__TASK TO CARRY OUT__.
Only one stretch of the data should be retyped: the lines from the line containing "Aluminijasti komplet vrtnega" through the line containing "Fiberglass-reinforced, polymer, shotgun". Keep pictures out of it.

__DATA__.
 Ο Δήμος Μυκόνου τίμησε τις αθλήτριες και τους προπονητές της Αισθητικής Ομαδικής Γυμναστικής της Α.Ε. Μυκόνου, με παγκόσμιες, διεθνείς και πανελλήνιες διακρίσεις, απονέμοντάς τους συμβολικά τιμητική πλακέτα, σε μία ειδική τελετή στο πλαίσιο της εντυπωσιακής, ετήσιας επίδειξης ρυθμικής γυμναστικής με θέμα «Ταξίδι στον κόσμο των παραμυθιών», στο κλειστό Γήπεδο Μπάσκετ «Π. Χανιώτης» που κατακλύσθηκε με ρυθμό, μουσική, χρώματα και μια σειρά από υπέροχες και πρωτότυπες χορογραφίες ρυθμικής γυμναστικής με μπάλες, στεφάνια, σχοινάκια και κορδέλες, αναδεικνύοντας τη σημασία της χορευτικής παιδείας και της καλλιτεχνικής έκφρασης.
---
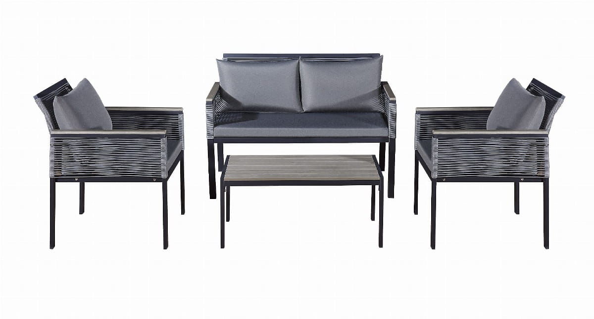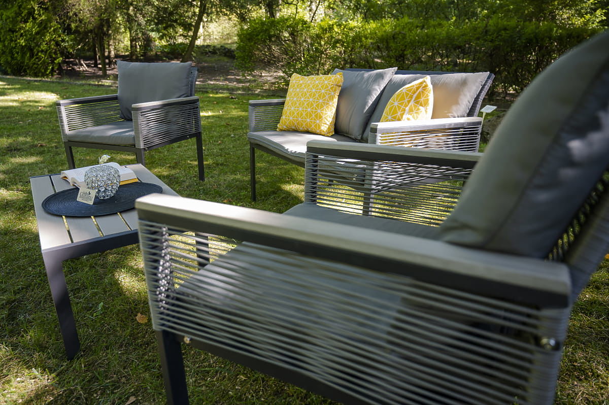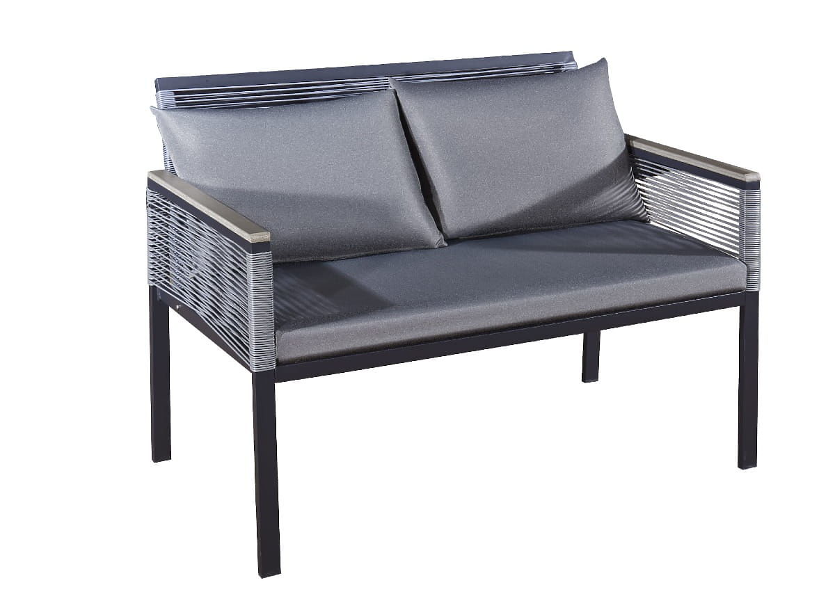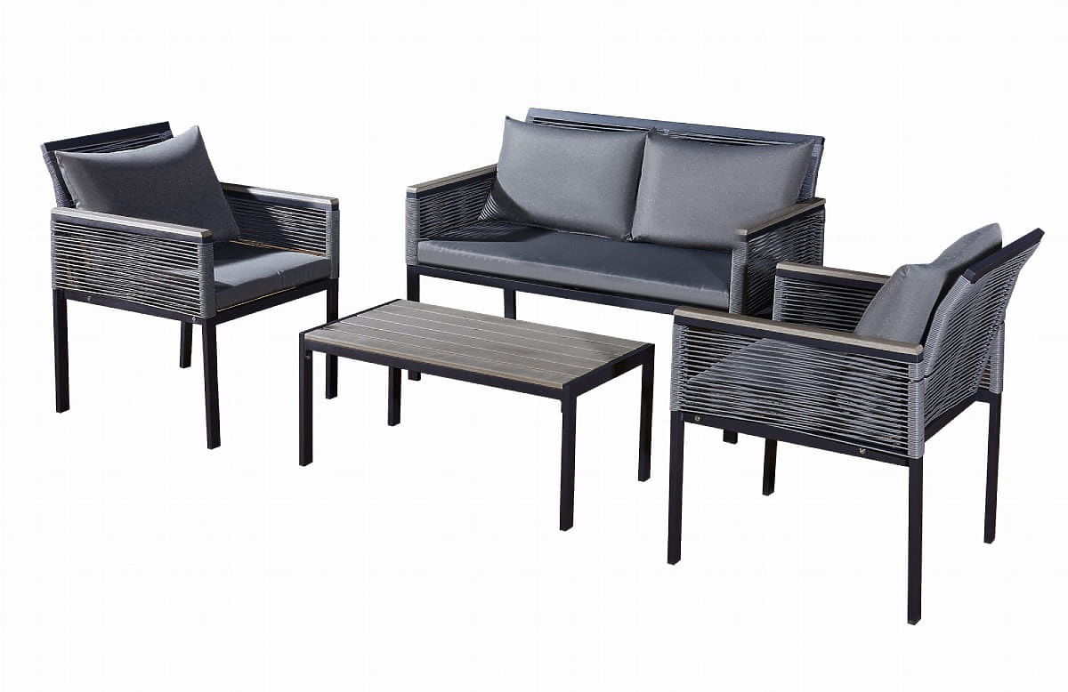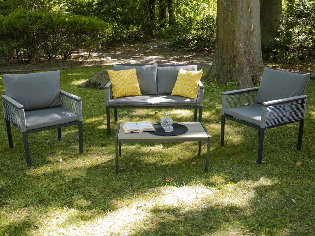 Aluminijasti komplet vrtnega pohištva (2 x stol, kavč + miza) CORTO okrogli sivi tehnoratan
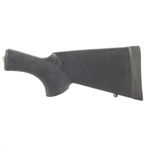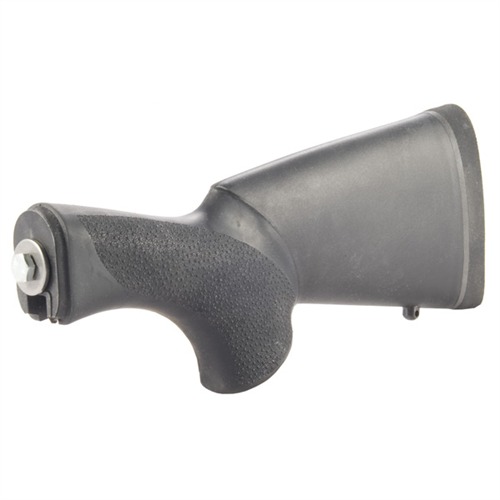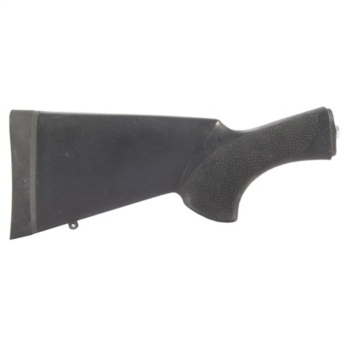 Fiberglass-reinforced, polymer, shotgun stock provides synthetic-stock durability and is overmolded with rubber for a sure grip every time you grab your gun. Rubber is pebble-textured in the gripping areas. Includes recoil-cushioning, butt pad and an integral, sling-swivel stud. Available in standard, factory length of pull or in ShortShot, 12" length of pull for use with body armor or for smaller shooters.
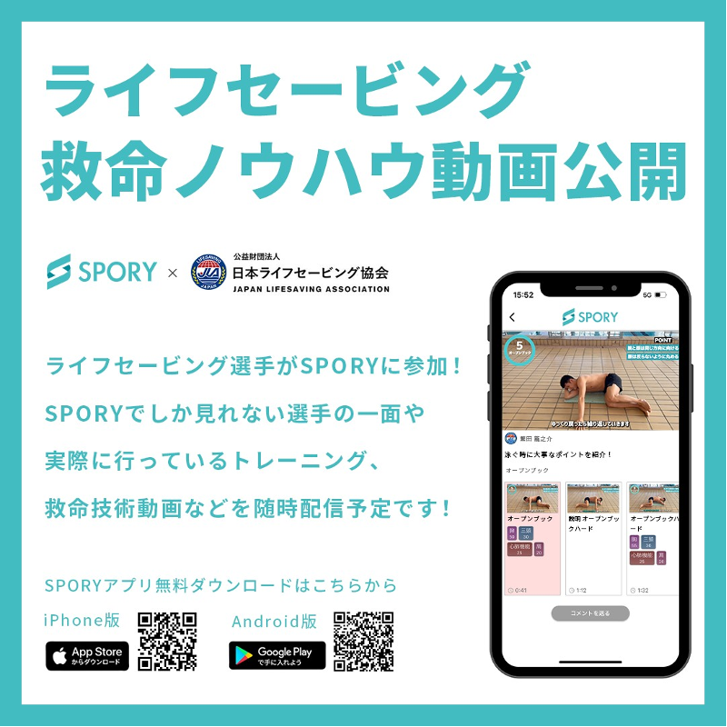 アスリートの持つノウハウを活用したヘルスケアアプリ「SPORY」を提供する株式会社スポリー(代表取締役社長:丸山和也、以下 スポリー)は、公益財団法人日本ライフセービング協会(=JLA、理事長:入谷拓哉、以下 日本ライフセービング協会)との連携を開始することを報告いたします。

__REPLY TO THE TASK__.
 Aluminijasti komplet vrtnega pohištva (2 x stol, kavč + miza) CORTO okrogli sivi tehnoratan
 Fiberglass-reinforced, polymer, shotgun stock provides synthetic-stock durability and is overmolded with rubber for a sure grip every time you grab your gun. Rubber is pebble-textured in the gripping areas. Includes recoil-cushioning, butt pad and an integral, sling-swivel stud. Available in standard, factory length of pull or in ShortShot, 12" length of pull for use with body armor or for smaller shooters.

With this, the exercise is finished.